Cuando el perro consiguió subirse al colchón con algo de dificultad, Pedro tiró suavemente de la manta donde el pulgoso había acomodado sus posaderas hasta que cayó al suelo.
—Ésa no es tu cama, pero te puedes quedar con la manta si quieres —se regocijó Pedro mientras se tumbaba en su lecho ocupando el mayor espacio posible, a la vez que disfrutaba de su cena esperando a que esa gatita salvaje hiciera su aparición.
Esa exasperante mujer seguro que protestaría una vez más sobre el lugar en el que dormirían.
Pero eso era muy fácil de resolver: únicamente había una cama y él estaba demasiado cansado como para aprovecharse de la situación, y mucho más cuando la mujer era una gata salvaje que le bufaría ante la más insulsa de las sonrisas que procedieran de él. Así que fin de la cuestión: Pedro en su lado de la cama y ella, en el suyo, y por primera vez en años haría lo que nunca hacía con ninguna de sus mujeres: simplemente dormir plácidamente.
O eso pensaba Pedro hasta que la señorita Remilgos se convirtió en una gran tentación en el instante en que salió del baño envuelta por una nube de vapor vestida con una de sus camisetas, regalo de su hermano Jose, quien adoraba obsequiarle con prendas con mensajes idiotas.
«Soy un inútil y puedo demostrarlo», rezaba la de ese año, que sobre el cuerpo de Paula no quedaba nada mal. De hecho, poco después de ver cómo el mensaje de ese trozo de tela era acogido por esos suculentos pechos que finalmente tenía el placer de intuir sin la estrechez de ese apretado traje, una parte concreta de su adormilado y cansado cuerpo se despertó.
Por desgracia, no era la adecuada para esa situación en la que la mujer de sus sueños podía convertirse también en la de sus pesadillas. Sobre todo, si llegaba a darse cuenta de la elevada atención que acababa de atraer hacia su persona.
Pedro ignoró a su activo amiguito, que parecía tener vida propia cuando se trataba de esa fémina, e hizo nuevamente alarde de algunos de sus mordaces comentarios antes de desaparecer con rapidez tras la puerta del baño en busca de una ducha bien fría que calmara su alocado deseo por esa inadecuada mujer con la que nada tenía en común.

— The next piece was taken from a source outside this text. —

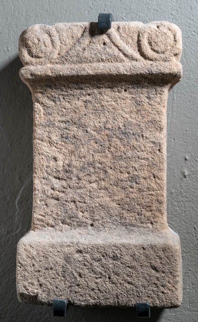 - Altar mit kubischem Sockel und Deckplatte mit Giebel zwischen Pulvini.
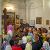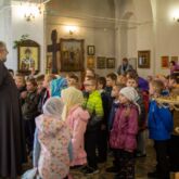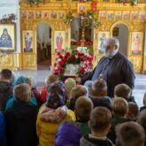 Учащимся было рассказано о внешнем и внутреннем устройстве храма, о церковной символике и священных предметах. Детям наглядно были показаны напрестольное Евангелие, священные сосуды и напрестольный Крест.

—¡Tu cena, princesa! —anunció sonriente Pedro a doña Quisquillosa, señalando el insulso sándwich con una extraña apariencia nada apetecible cuyo contenido Paula se apresuró a indagar, con bastante cautela, levantando una de sus rebanadas aprensivamente. »Tu confortable lecho... —continuó, mostrándole las arrugadas sábanas de su maltrecha cama, a la que Paula dirigió una mirada de reticencia mientras se sentaba en uno de los taburetes a degustar su comida.
»Y, cómo no, ¡tú príncipe! —señaló burlonamente el veterinario, apuntando al chucho que, a los pies de la cama, no dejaba de dirigirle miradas de devoción a Paula.
Aunque Pedro no estaba muy seguro de si esos observadores ojos adoraban más a su amada dueña o al emparedado que Paula no terminaba de decidirse a probar.
»Te dejo unos minutos a solas en mi castillo. ¡Ten cuidado! ¡No te pierdas en él si acaso desoyes mis consejos y curioseas tras sus numerosas puertas! —se carcajeó Pedro mientras entraba en el baño y escapaba de esa tentadora arpía a la que oyó murmurar «bufón» poco antes de que se atragantara con su creación culinaria.
Pero ¿a quién no le gustaba la crema de cacahuete con pepinillos y kétchup? ¡Una delicia!